Federated learning (FL) has been widely deployed to enable machine learning training on sensitive data across distributed devices. However, the decentralized learning paradigm and heterogeneity of FL further extend the attack surface for backdoor attacks. Existing FL attack and defense methodologies typically focus on the whole model. None of them recognizes the existence of backdoor-critical (BC) layers-a small subset of layers that dominate the model vulnerabilities. Attacking the BC layers achieves equivalent effects as attacking the whole model but at a far smaller chance of being detected by state-of-the-art (SOTA) defenses. This paper proposes a general in-situ approach that identifies and verifies BC layers from the perspective of attackers. Based on the identified BC layers, we carefully craft a new backdoor attack methodology that adaptively seeks a fundamental balance between attacking effects and stealthiness under various defense strategies. Extensive experiments show that our BC layer-aware backdoor attacks can successfully backdoor FL under seven SOTA defenses with only 10% malicious clients and outperform the latest backdoor attack methods.

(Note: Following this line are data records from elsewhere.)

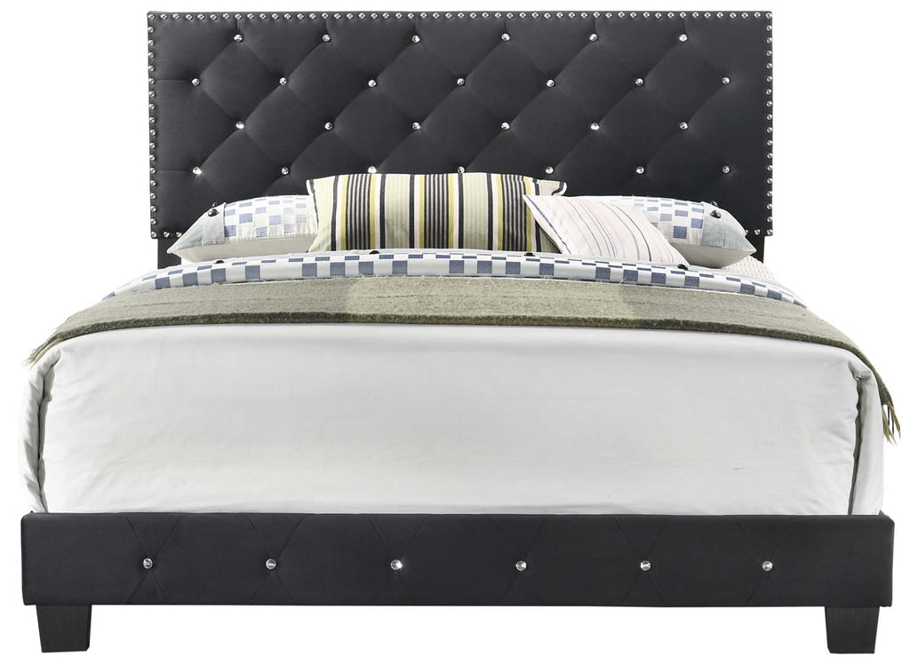 Elevate your bedroom with this beautifully crafted bed featuring a deep tufted upholstered headboard and footboard that bring a luxurious, tailored look to your space. Wrapped in soft velvet with sparkling jeweled tufting, it adds a touch of glamour from every angle. Chrome nail heads outline the silhouette for a refined finish, while sturdy wood supports ensure lasting durability. Designed for use with a box spring or foundation, this bed blends elegance, comfort, and stability in one stunning centerpiece.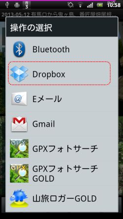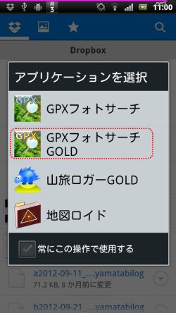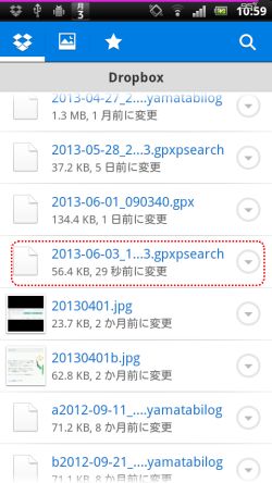 復元する方法GPXフォトサーチを終了した状態で,Dropboxアプリを起動します.そして,先ほど送信したファイルをタップします.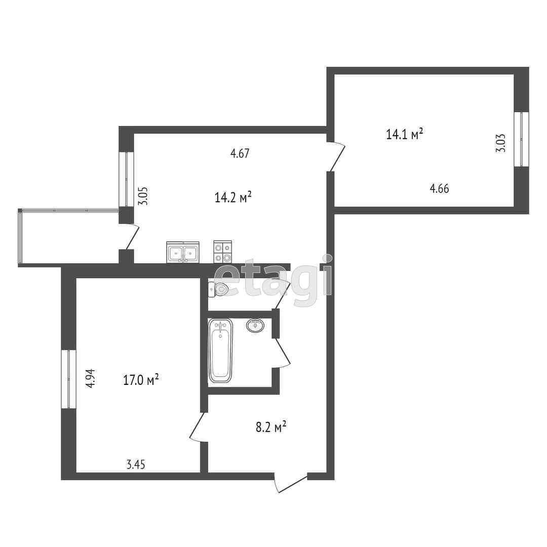 Площадь кухни 14.2 м2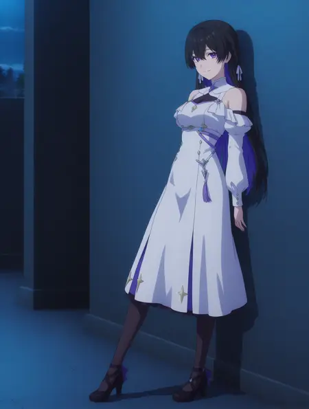 | 训练词汇 | tinasha_unnamedmemory, 1girl, long hair, purple eyes, bangs, black hair, colored inner hair, blue hair, medium breasts, hair between eyes,已复制! whiteoutfit1, dress, white dress, pantyhose, black footwear, high heels, long sleeves, bare shoulders, ribbon,已复制! blackoutfit1, black dress, black gloves, fingerless gloves, thighhighs, purple heels, sleeveless dress, china dress, side slit,已复制! |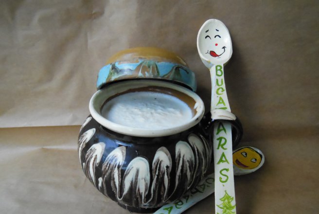 Mai intai fierbem laptele si-l lasam sa se raceasca , apoi luam o oala de lut, punem smantana si incepem sa turnam laptele, amestecand bine sa se dizolve smantana. Umplem oala cu lapte , asezam un capac deasupra si dam oala pe balcon la soare sau in bucatarie. Apoi asteptam sa se prinda si sa mancam cu mamaliguta calda, un deliciu....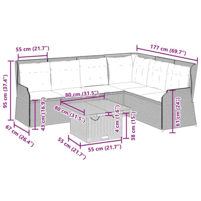 vidaXL Vrtna sedežna garnitura 5-delna z blazinami bež poli ratan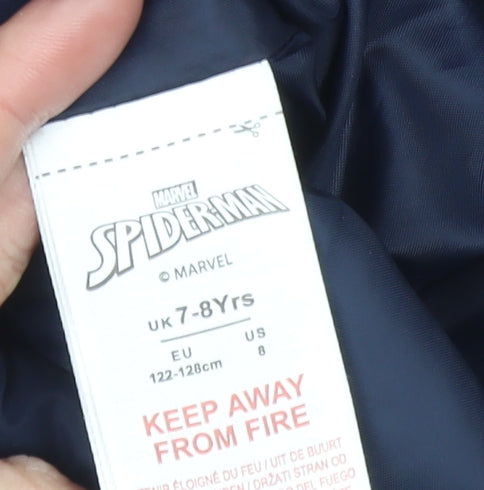 Keep your young superhero cosy and stylish with this Marvel Spider-Man hooded bodywarmer designed for boys aged 7-8 years. Crafted from durable 100% polyester, this mid-length sleeveless waistcoat offers both warmth and ease of movement, making it perfect for layering over jumpers or long sleeves during cooler autumn and winter days. The colour combination of navy blue and red, complemented by detailed Spider-Man embroidery and a web motif, gives this piece a bold and fun look that kids will love. Practical features include a full front zip with a Spider-Man-themed zipper pull, a soft padded design for extra comfort, and a cosy lined hood to help protect against chilly weather. The sturdy zip closure makes dressing simple, while the breathable fabric ensures all-day comfort whether worn for playtime, school, or weekend adventures. Designed for casual and activewear occasions, this versatile gilet can be styled easily with jeans, joggers, or track bottoms for everyday wear. Its careful construction and lightweight polyester insulation ensure durability while offering warmth without bulk. The eye-catching superhero graphics add a playful yet authentic Marvel finish. In excellent pre-loved condition, this boys’ gilet shows only minimal signs of previous use and maintains vibrant colours and shape. A must-have addition to any young Spider-Man fan’s wardrobe, this outerwear piece perfectly combines practicality, comfort, and superhero style for energetic kids ready for adventure.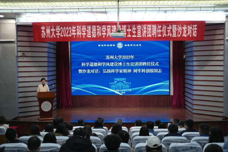12月20日下午,苏州大学2023年科学道德和学风建设博士生宣讲团聘任仪式暨沙龙对话在天赐庄校区学术报告厅举行。校党委常委、副校长查佐明出席活动并讲话,研究生院、党委研究生工作部、科学技术研究院、人文社会科学处等部门及校学术委员会秘书处负责人,《研究生学术诚信教育与管理》编委代表,2023年博士生宣讲团成员,各基层研究生培养单位分管负责人、研究生代表近200人参加活动。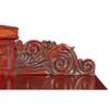 the panel back with a carved flower head and scrolled brackets above three frieze drawers, raised on pedestals with cupboards enclosing drawers and shelves, raised on lobed bun feet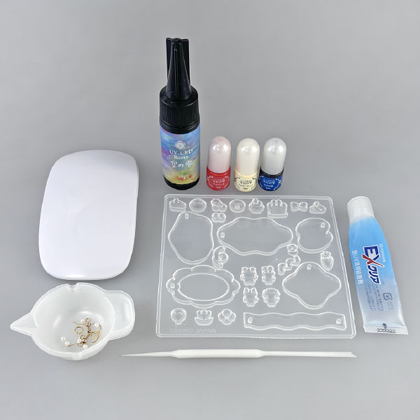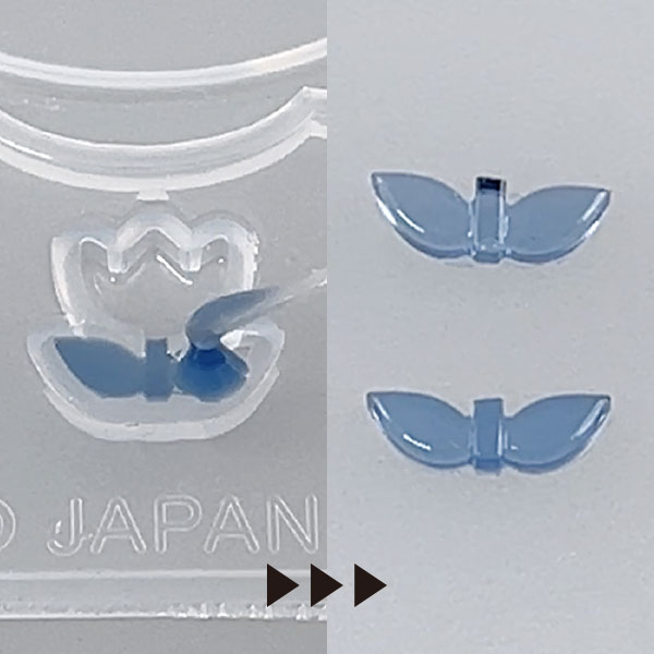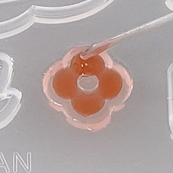 モールドのフラワーに〈アルビレオ〉色のレジンを入れ、ライトを両面1分ずつ照射し、モールドから抜きます。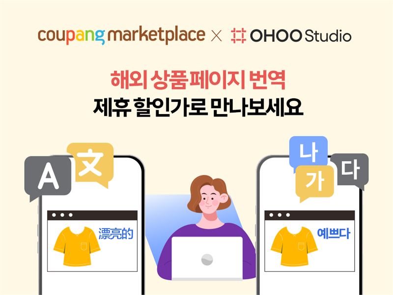 쿠팡 마켓플레이스가 ‘오후랩스(오후스튜디오)’와 손잡고 해외직구 판매자를 지원한다. 쿠팡은 AI 이미지 번역서비스 오후스튜디오와 제휴해 ‘마켓플레이스’ 판매자를 대상으로 상품페이지 번역서비스를 할인해주는 프로모션을 진행한다. 쿠팡 마켓플레이스는 외국어로 된 상세페이지 이미지를 번역하는데 어려움을 겪는 영세 판매자들을 위해 제휴를 진행했다. 해외 상품을 소싱해 쿠팡에 등록하고자 하는 판매자들은 이번 제휴를 통해 보다 합리적인 비용으로 상품 페이지 번역 서비스를 이용할 수 있다.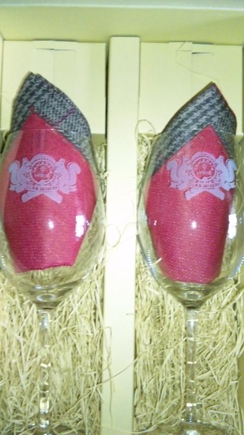毎年この時期に来られる茨城の御取引様が、ちょうど1週間前に来られ、一緒にデラウェアーのワイン仕込みを行ないました。その際にお土産で、おらいのロゴ(リスと樽のトレードマーク)の彫刻入りワイングラスを頂きました。なんとも素敵なものを頂戴し、ただただ感激です(T_T) 箱を開けてビックリしました。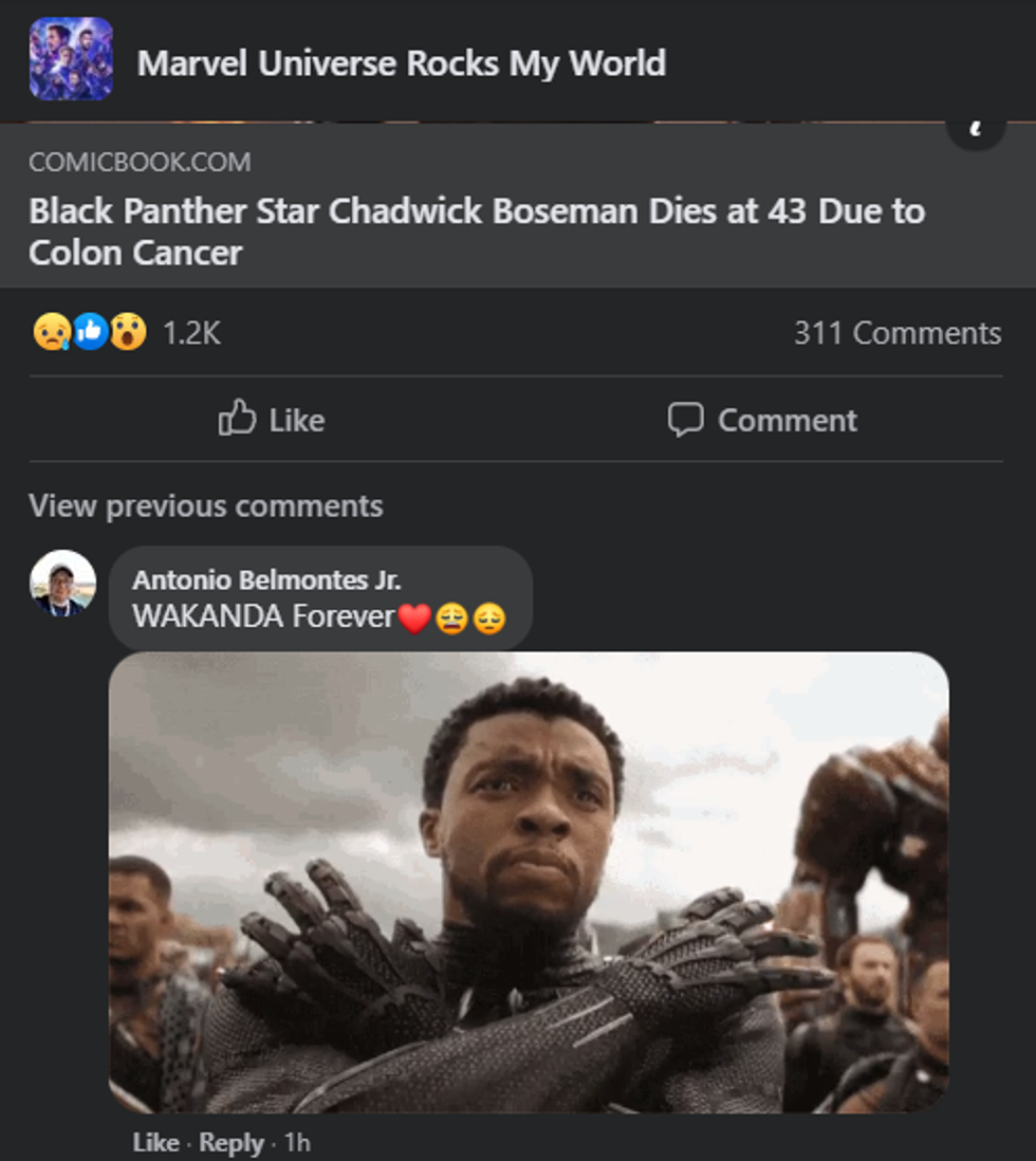 My deepest condolences go out to Boseman's friends, family, and loved ones. I know that you'll be flooded with love and well-wishes and that the MCU (and DC) will stand behind you all during this difficult time.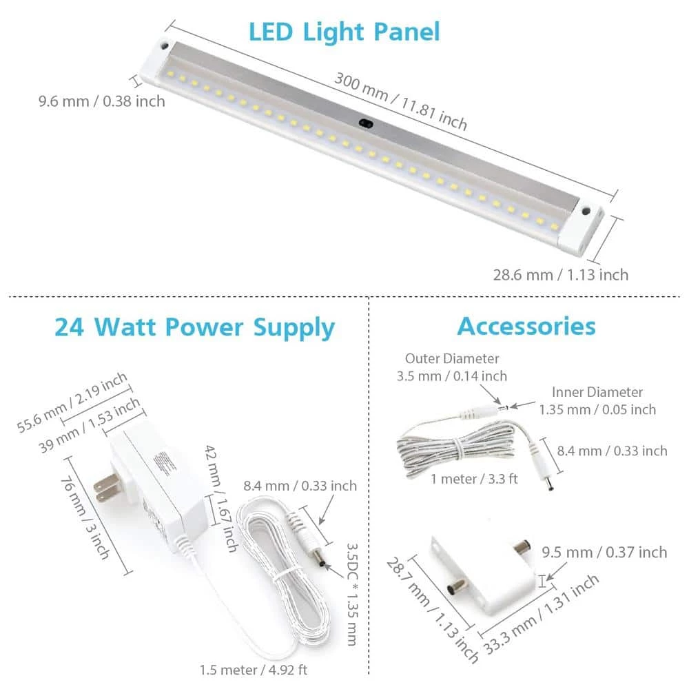 Discover Dimmable Hand Wave Activated LED Lighting with This 6-Bar Under-Cabinet LED Lighting Kit. With 6 LED bars, a 24-Watt power supply and a full complement of screws, wire clips and stickers, you’ll have everything you need to install warm, energy-saving light in your kitchen, pantry, garage, office, workshop, RV and more. Wave Your Hand: That’s all it takes to turn on or off your lights, hold your hand under the sensor, you can adjust brightness from 10% to 100%. Quick Install: For the quickest and lowest profile install, simply use the included double-sided stickers. Whether you want to install all 6 lights together in a chain or spread them further apart beneath your cabinets, this kit includes everything you’ll need.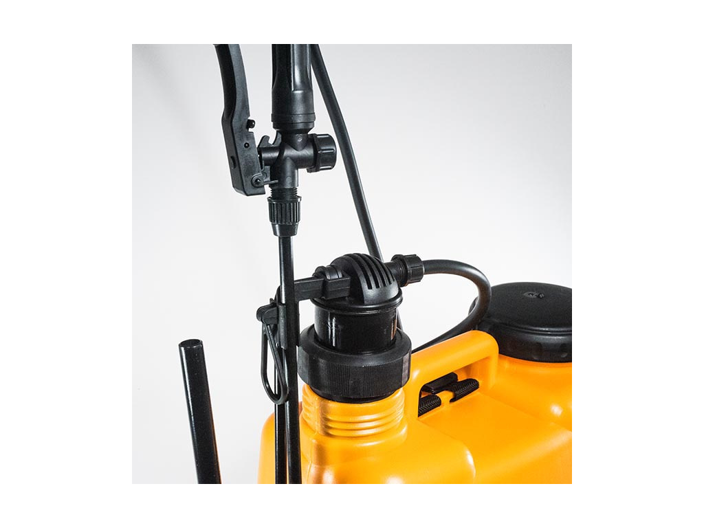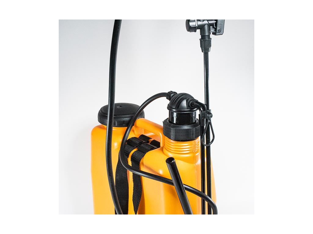 Tlakový postřikovač zádový s nádržkou 16 l postřiku pro dlouhou práci bez častého doplňování. Možnost nastavení síly průtoku tryskou a trvalý nebo krátkodobý postřik. Nastavitelné popruhy a možnost přestavění páky na pravou stranu (pro leváky). Regulátor průtoku na rukojeti. Vysokotlaká nádoba odolná proti chemikáliím.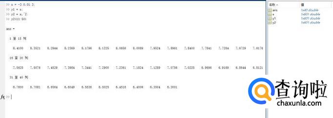 首先生成x,y1,y2的数据。x的范围是[-3,3],y1=x,y2=x^2。如图为代码以及部分数据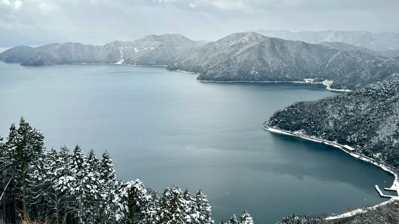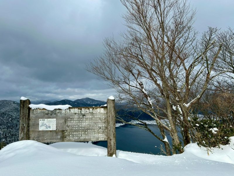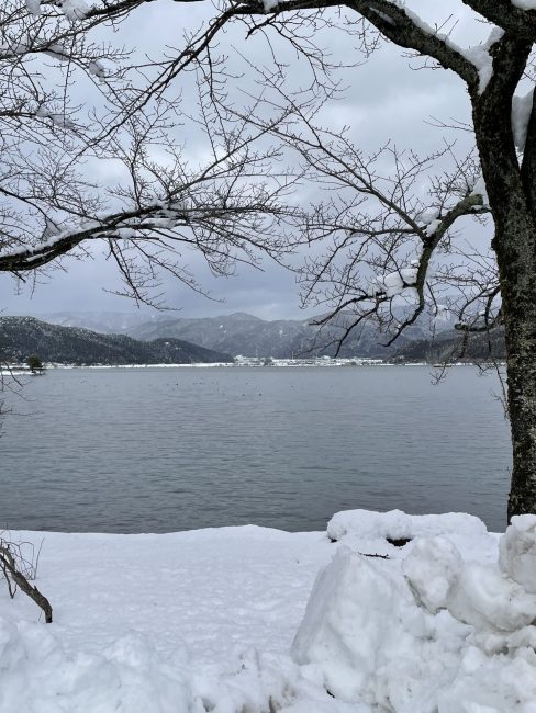 山頂到着12時20分。この日の天気は曇り時々雪。山頂の気温は1度もない。風もきつく、寒い寒い。しかし、ここからの琵琶湖と余呉湖を同時に楽しめる、この雪景色を私は見たかった!展望台からのんびりというわけにはいかないが、お昼休憩を取りつつ、この景色に見入っていた。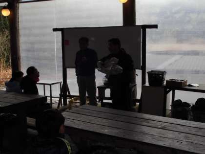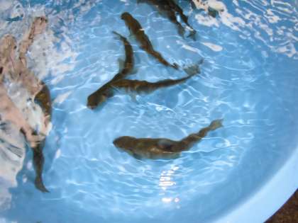 最終日の午前の活動は「魚つかみ・魚さばき」です。山の家の先生から魚のさばき方を教わりました。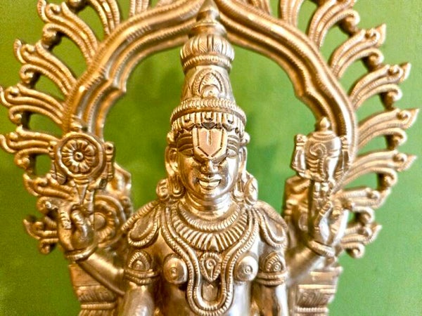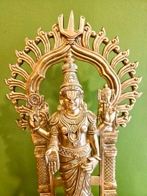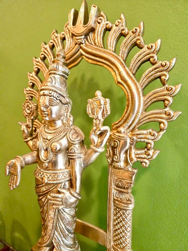 Het sierlijke aureool, de prabha mandala, vormt een stralende omlijsting die zijn goddelijke energie benadrukt. Daaronder rust hij op een voetstuk in de vorm van een schildpad, dat verwijst naar Vishnu’s Kurma avatar. Dit motief staat voor stabiliteit, ondersteuning en het vermogen om lasten te dragen. Samen zorgt dit voor een harmonieuze compositie die zowel spiritueel betekenisvol als esthetisch verfijnd is.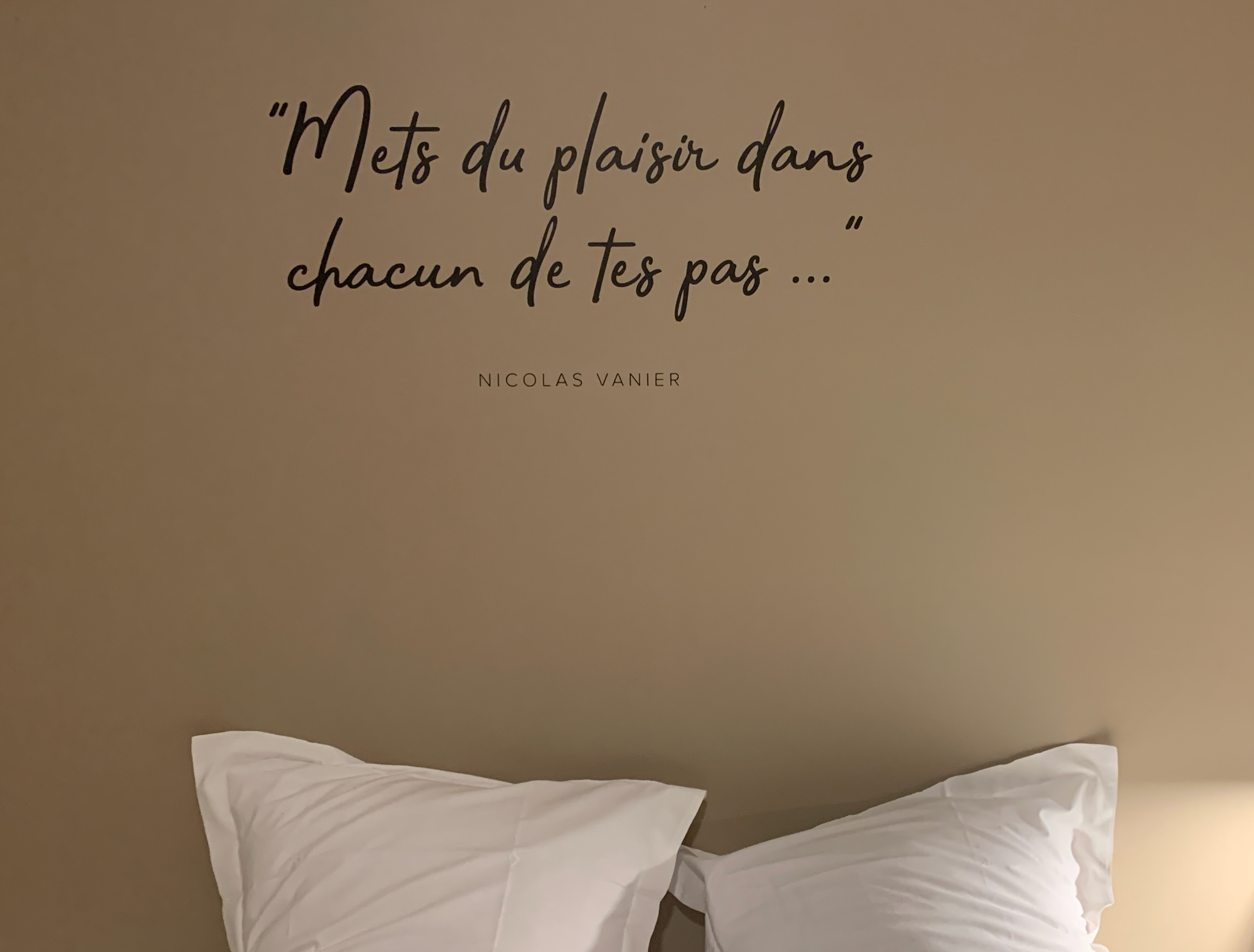 Juste le temps de choisir le menu, de mettre aérer nos affaires (merci Carine pour cet accessoire si pratique), une douche, un apéritif et un délicieux repas, nous voilà prêtes, Valentine et moi, pour de doux rêves sous cette citation, un peu utopique certaines fois.
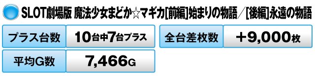 新台だった前者は全体の7割がプラス、平均ゲーム数は7,000G超、そして全台差枚数はプラス9,000枚でフィニッシュ!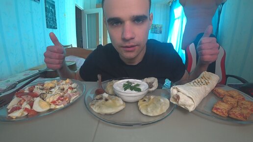 МУКБАНГ МАНТЫ С ГОВЯДИНОЙ / ШАУРМА - ЦЕЗАРЬ РОЛЛ / САЛАТ - КОСИЧКА / EATING / Mukbang ASMR АСМР

翻译：联邦学习（FL）已被广泛部署，以支持跨分布式设备对敏感数据进行机器学习训练。然而，去中心化的学习范式与FL的异质性进一步扩展了后门攻击的攻击面。现有FL攻击与防御方法通常聚焦于整个模型，均未识别后门关键（BC）层的存在——即主导模型脆弱性的少数子层。攻击BC层可达到与攻击整个模型相同的效果，但被最先进（SOTA）防御机制检测到的概率显著更低。本文提出一种通用的原位方法，从攻击者角度识别并验证BC层。基于所识别的BC层，我们精心设计了一种新型后门攻击策略，该策略能自适应地在各种防御机制下寻求攻击效果与隐蔽性的根本平衡。大量实验表明，我们的BC层感知后门攻击在仅使用10%恶意客户端的情况下，即可成功突破七种SOTA防御机制，并优于最新的后门攻击方法。